5G for public authorities
Data and network quality are crucially important for many government activities. Just think about traffic control, air quality, taxes and general safety. In all these areas 5G offers plenty of opportunities. A term which is often used is the ‘smart city’. A city which is organised smartly in various ways. Sensors, connected with each other and the internet, monitor everything at all times. Due to those data, traffic is in perfect control, garbage collected, street lighting managed and energy distributed across the city. It may sound futuristic, but chances are that your city or municipality is already involved in this kind of innovations.
5G in the making
There are very many ways we can think and dream about 5G. And why shouldn’t we? Previous generations of mobile networks have produced an entire world of mobile concepts and apps. 5G will offer us endless new possibilities again. I cannot wait to see what the industry and the private sector will come up with. To realise their ideas, VodafoneZiggo and Ericsson have started to collaborate in looking for the best solutions. Recently we have entered into a collaboration with the city of Eindhoven. In a 5G lab we now join forces with scientists, students and numerous companies. In the end with only one goal: to leverage the potential of 5G to the max.

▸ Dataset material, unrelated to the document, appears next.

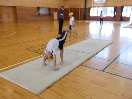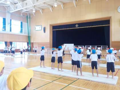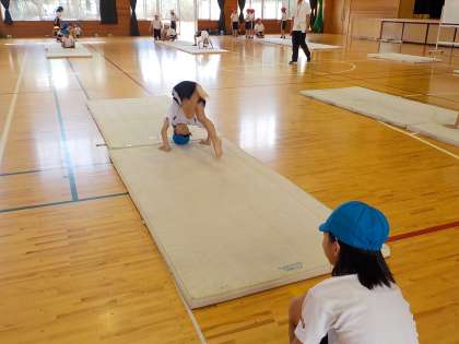 体育科ではマット運動に取り組んでいます。準備体操をしっかりとして「前転・後転・開脚前転・開脚後転」ができるように練習に励んでいます。

Stefan Krijnen – 5G and IoT specialist at Ericsson
Tackling challenges together
Ericsson is perhaps the most important partner of VodafoneZiggo. After all, it produces and maintains all the mobile networks. In addition, we work together to find ways to offer the best possible service to the industry and the private sector. For the industry, this often boils down to customization and special applications. Philips’ ambition, for example, and one of the first use cases within 5G Eindhoven, is to enable a specialised doctor to remotely attend an operation, supervise or instruct personnel and even perform the operation. VodafoneZiggo and Ericsson tackle this kind of challenges together, with the aim to realise the most fantastic wishes.